CC chief executives at all NCI-CCs and a random sample of non-NCI-CCs were surveyed from April to August 2018. Twelve questions examined the executives' attitudes towards palliative care integration, perceived barriers and self-assessments. The primary outcome was agreement on the statement 'a stronger integration of palliative care services into oncology practice will benefit patients at my institution.' Survey findings from 2018 were compared with data from 2009 to examine changes in attitudes.

52 of 77 (68%) NCI-CCs and 88 of 126 (70%) non-NCI-CCs responded to the survey. A vast majority of executives at NCI-CCs and non-NCI-CCs endorsed palliative care integration (89.7% vs 90.0%; p>0.999). Lanifibranor agonist NCI-CCs were more likely to endorse increasing funding for palliative care (52.5% vs 23.1%; p=0.01) and hiring physician specialists (70.0% vs 37.5%; p=0.004) than non-NCI-CCs. The top three perceived barriers among NCI-CCs and non-NCI-CCs were limited institutional budgets (57.9% vs 59.0%; p=0.92), poor reimbursements (55.3% vs 43.6%; p=0.31), and lack of adequately trained palliative care physicians and nurses (52.6% vs 43.6%; p=0.43). Both NCI-CCs and non-NCI-CCs favourably rated their palliative care services (89.7% vs 71.8%; p=0.04) with no major changes since 2009.

CC executives endorse integration of palliative care, with greater willingness to invest in palliative care among NCI-CCs. Resource limitation continues to be a major barrier.
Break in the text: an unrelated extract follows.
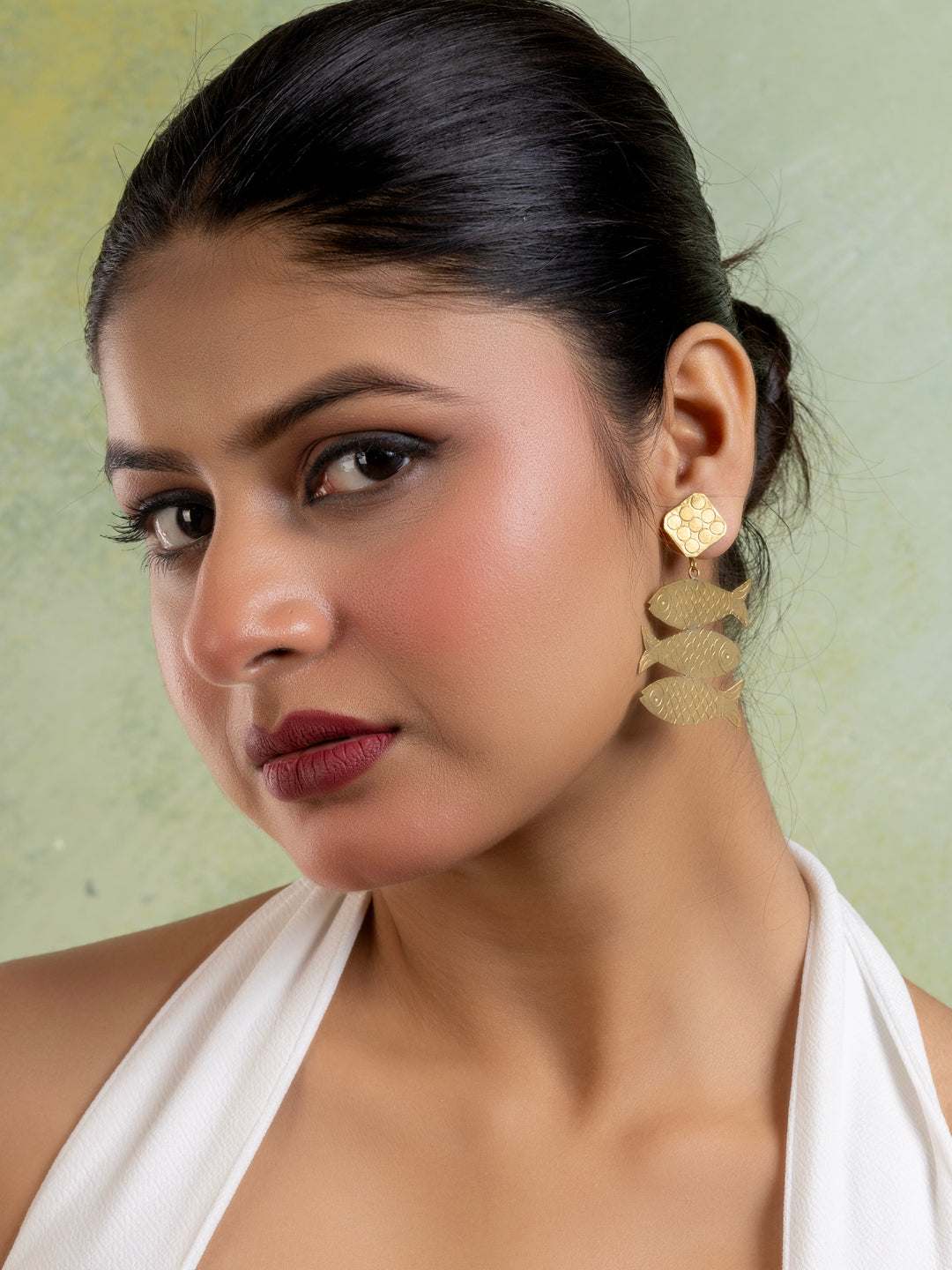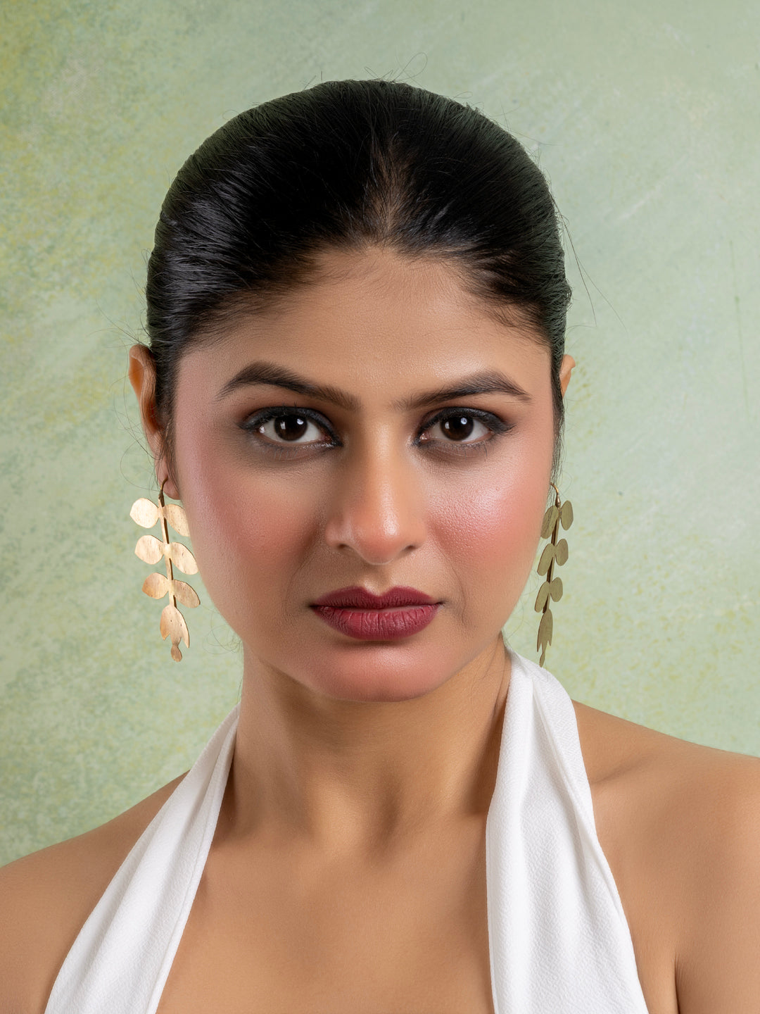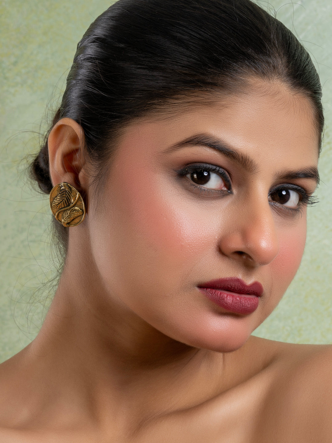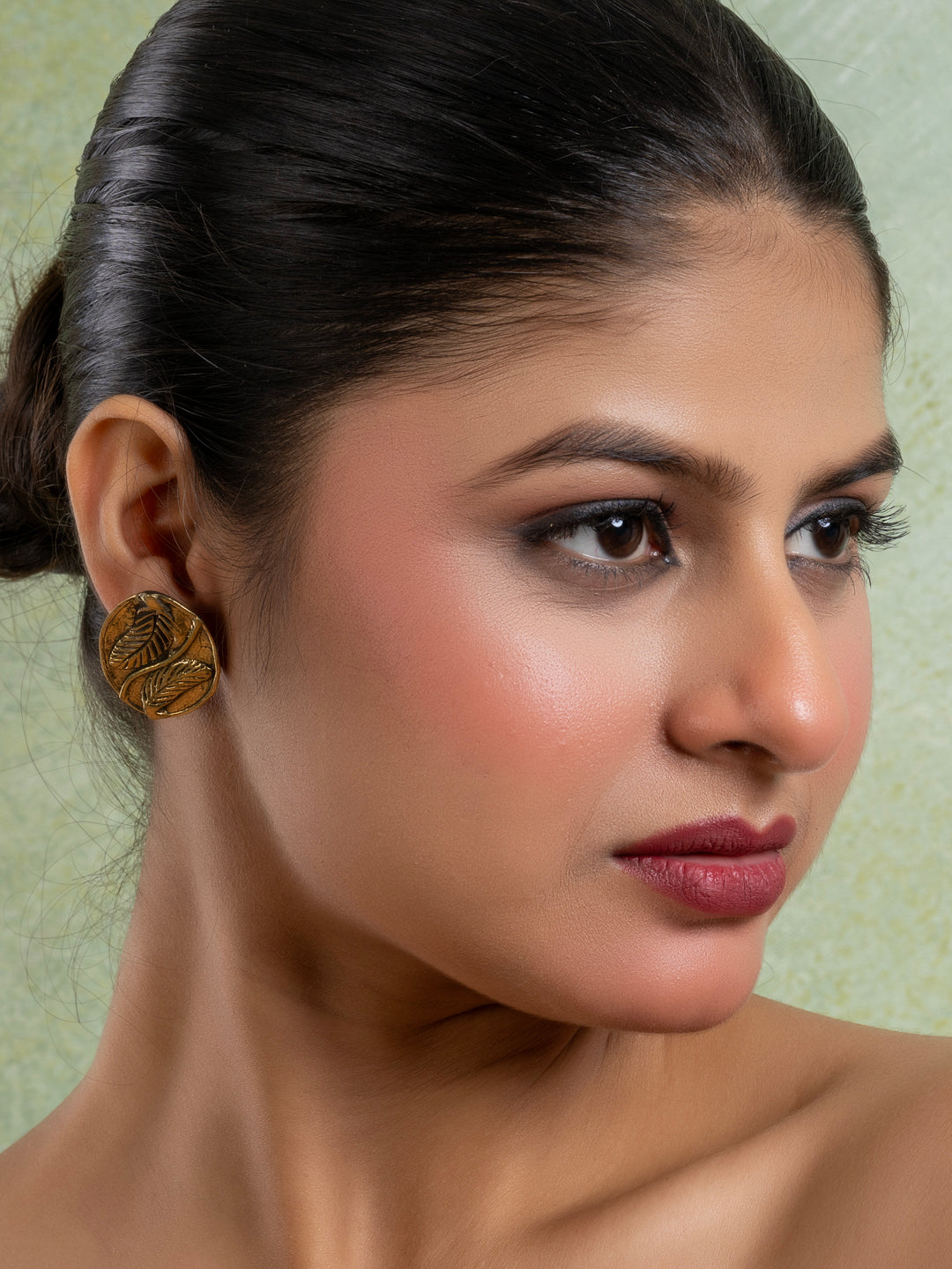 Add Golden Brass Oval Leaf Stud Earring to the cart

CC executives endorse integration of palliative care, with greater willingness to invest in palliative care among NCI-CCs. Resource limitation continues to be a major barrier.

Antipsychotic medications are used to address neuropsychiatric symptoms associated with dementia. Evidence suggests that among older adults with dementia, their harms outweigh their benefits. A quality improvement initiative was conducted to address inappropriate antipsychotic medication use in long-term care (LTC) in the province of Alberta.

We conducted a multimethod evaluation of the provincial implementation of the project in 170 LTC sites over a 3-year project period incorporating a quasi-experimental before-after design. Using a three-component intervention of education and audit and feedback delivered in a learning workshop innovation collaborative format, local LTC teams were supported to reduce the number of residents receiving antipsychotic medications in the absence of a documented indication. Project resources were preferentially allocated to supporting sites with the highest baseline antipsychotic medication use. Changes in antipsychotic medication use, associated clinical and economic outcomelivery arm of the continuing care sector. Quality of care in LTC was improved.Prostate cancer genomic subtypes that stratify aggressive disease and inform treatment decisions at the primary stage are currently limited. Previously, we functionally validated an aggressive subtype present in 15% of prostate cancer characterized by dual deletion of MAP3K7 and CHD1. Recent studies in the field have focused on deletion of CHD1 and its role in androgen receptor (AR) chromatin distribution and resistance to AR-targeted therapy; however, CHD1 is rarely lost without codeletion of MAP3K7. Here, we show that in the clinically relevant context of co-loss of MAP3K7 and CHD1 there are significant, collective changes to aspects of AR signaling. Although CHD1 loss mainly impacts the expansion of the AR cistrome, loss of MAP3K7 drives increased AR target gene expression. Prostate cancer cell line models engineered to cosuppress MAP3K7 and CHD1 also demonstrated increased AR-v7 expression and resistance to the AR-targeting drug enzalutamide. Furthermore, we determined that low protein expression of both genes is significantly associated with biochemical recurrence (BCR) in a clinical cohort of radical prostatectomy specimens. Low MAP3K7 expression, however, was the strongest independent predictor for risk of BCR over all other tested clinicopathologic factors including CHD1 expression. Collectively, these findings illustrate the importance of MAP3K7 loss in a molecular subtype of prostate cancer that poses challenges to conventional therapeutic approaches. IMPLICATIONS These findings strongly implicate MAP3K7 loss as a biomarker for aggressive prostate cancer with significant risk for recurrence that poses challenges for conventional androgen receptor-targeted therapies.